The 'body' column contains string values delimited by ‘~’ where the first element is the object id that is passed as a parameter into the getS3Object function

The second parameter to this function is the S3client used to connect to aws S3 which is defined inside a serializable class.

final class s3clientBuild() extends Serializable {
   def s3connection(AccessKey: String, SecretKey: String) = {
    val clientRegion: Regions = Regions.US_EAST_1
    val creds = new BasicAWSCredentials(AccessKey, SecretKey)
    AmazonS3ClientBuilder.standard()
   .withRegion(clientRegion)
   .withCredentials(new AWSStaticCredentialsProvider(creds))
   .build()  
   }
  }

val AccessKey = dbutils.secrets.get(scope = "Scope", key = "AccessKey-ID")

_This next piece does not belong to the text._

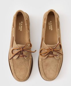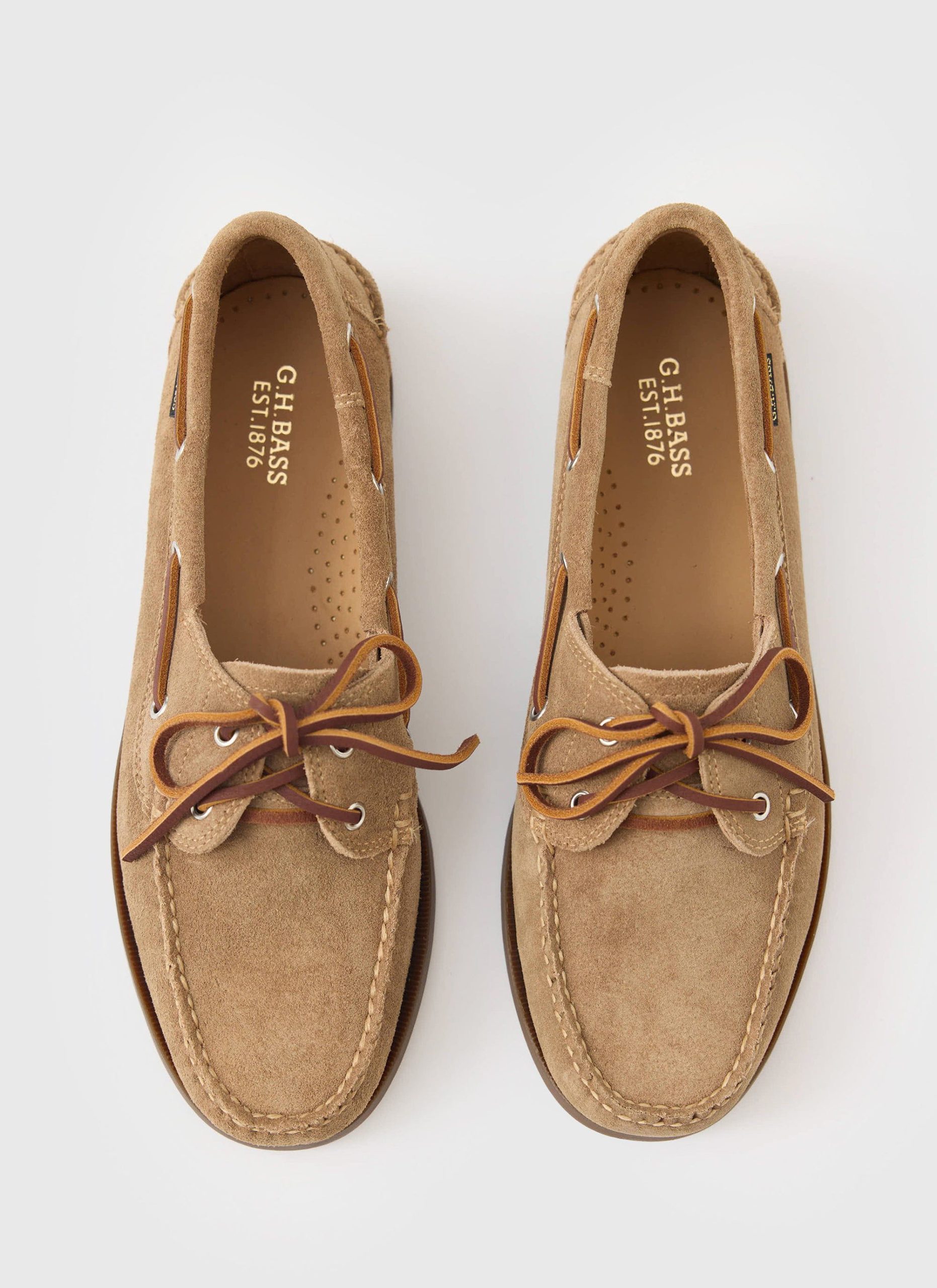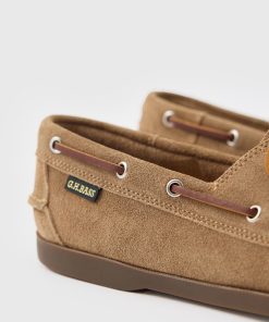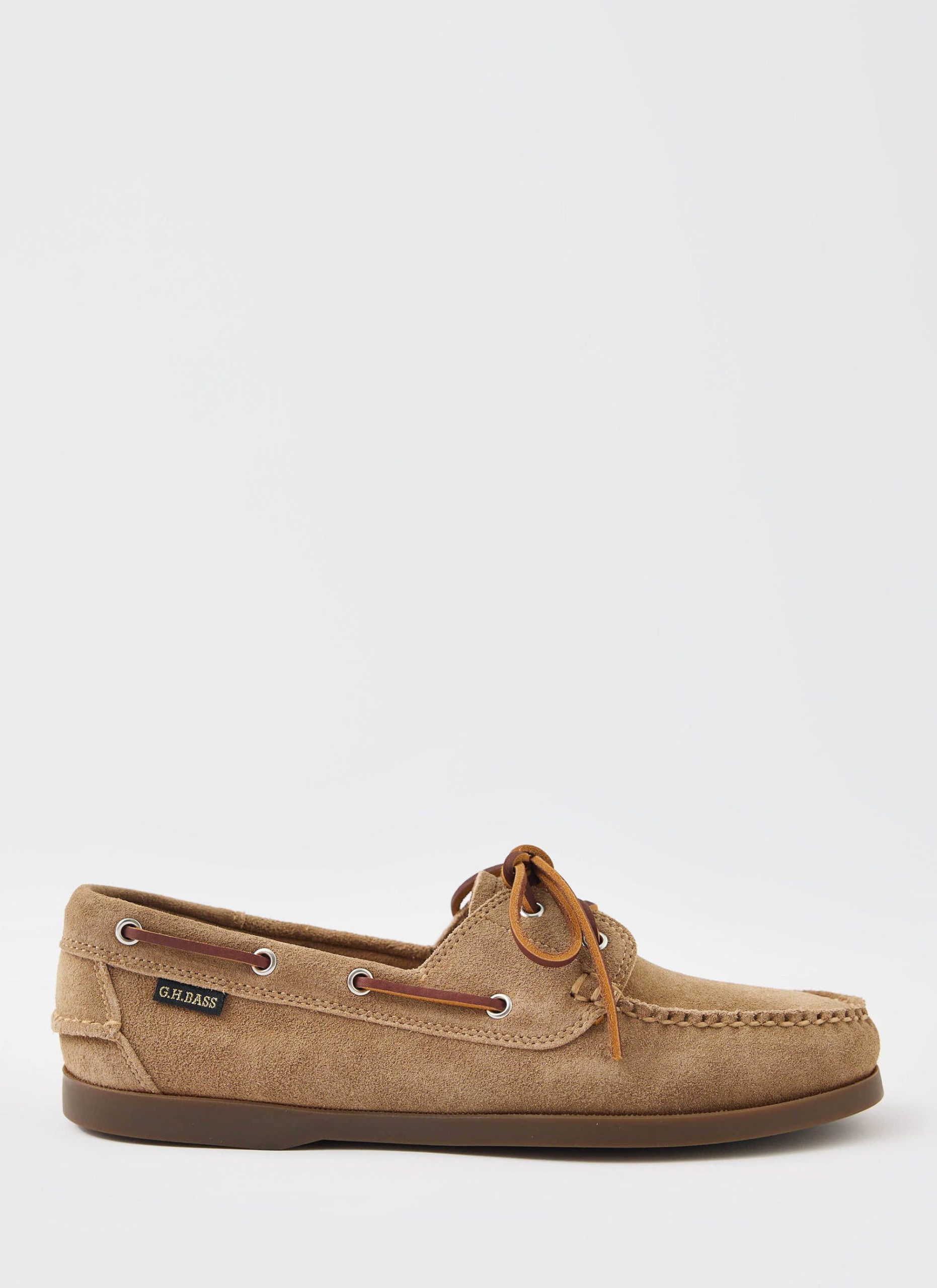 - Features: Ultra soft tan suede. Leather laces for a secure fit. Woven BASS flag. Hand Sewn with tonal thread. Soft leather insock for added comfort. Plush cushioned insole. Gold foil insock branding. Improved grip and traction. Water-resistant rubber sole

val SecretKey = dbutils.secrets.get(scope = "Scope", key = "AccessKey-Secret")

Write Stream:-

val streamWriter = source_df 
   .writeStream
   .queryName("Write_stream")
   .option("checkpointLocation", chk_pt)
   .trigger(Trigger.ProcessingTime(3 seconds))
   .outputMode("append")
   .foreachBatch(
   (batchDF: DataFrame, batchId: Long) => Try {
 
     batchDF.persist()
 
       val object_df = batchDF.select(split(col("body"), "~").getItem(0).as("ObjectID"))
 
       val df_response = object_df.repartition(2).mapPartitions(iterator => {
       val api_connect = new s3clientBuild()
       val s3client = api_connect.s3connection(AccessKey, SecretKey)
       val resp = iterator.map(row => {
       val name = cli_connector.getS3Objects(row.getString(0), s3client) 
      (name)
        })
     resp
      }).toDF("value").select(from_json($"value".cast("string"), MySchema) as "fields").select($"fields.*")
 
   df_response.count()
 
   batchDF.unpersist()
 } match {
   case Success(_) =>
   case Failure(e) => {throw e}
      } 
   )

However I get the below error message:-

Task not serializable: java.io.NotSerializableException: org.apache.spark.sql.streaming.DataStreamWriter
 
  Serialization stack:
 
  	- object not serializable (class: org.apache.spark.sql.streaming.DataStreamWriter, value: org.apache.spark.sql.streaming.DataStreamWriter@1f1c5f4f)
 
  	- field (class: $lineeabf6de089d548a29e8a43ad48edbc49125.$read$$iw$$iw$$iw$$iw$$iw$$iw$$iw$$iw$$iw$$iw$$iw$$iw$$iw$$iw$$iw$$iw$$iw$$iw$$iw$$iw$$iw$$iw$$iw$$iw$$iw$$iw$$iw$$iw$$iw$$iw$$iw$$iw$$iw$$iw$$iw$$iw$$iw$$iw$$iw$$iw$$iw$$iw, name: sensorwriter_0526, type: class org.apache.spark.sql.streaming.DataStreamWriter)
 
  	- object (class $lineeabf6de089d548a29e8a43ad48edbc49125.$read$$iw$$iw$$iw$$iw$$iw$$iw$$iw$$iw$$iw$$iw$$iw$$iw$$iw$$iw$$iw$$iw$$iw$$iw$$iw$$iw$$iw$$iw$$iw$$iw$$iw$$iw$$iw$$iw$$iw$$iw$$iw$$iw$$iw$$iw$$iw$$iw$$iw$$iw$$iw$$iw$$iw$$iw, $lineeabf6de089d548a29e8a43ad48edbc49125.$read$$iw$$iw$$iw$$iw$$iw$$iw$$iw$$iw$$iw$$iw$$iw$$iw$$iw$$iw$$iw$$iw$$iw$$iw$$iw$$iw$$iw$$iw$$iw$$iw$$iw$$iw$$iw$$iw$$iw$$iw$$iw$$iw$$iw$$iw$$iw$$iw$$iw$$iw$$iw$$iw$$iw$$iw@41c5f54f)
 
  	- element of array (index: 0)
 
  	- array (class [Ljava.lang.Object;, size 1)
 
  	- field (class: java.lang.invoke.SerializedLambda, name: capturedArgs, type: class [Ljava.lang.Object;)
 
  	- object (class java.lang.invoke.SerializedLambda)

How can this be resolved?

-werners- · ‎05-30-2022

@Sandesh Puligundla , Hm hard to tell, but I am pretty sure it is because of the objects you wrote.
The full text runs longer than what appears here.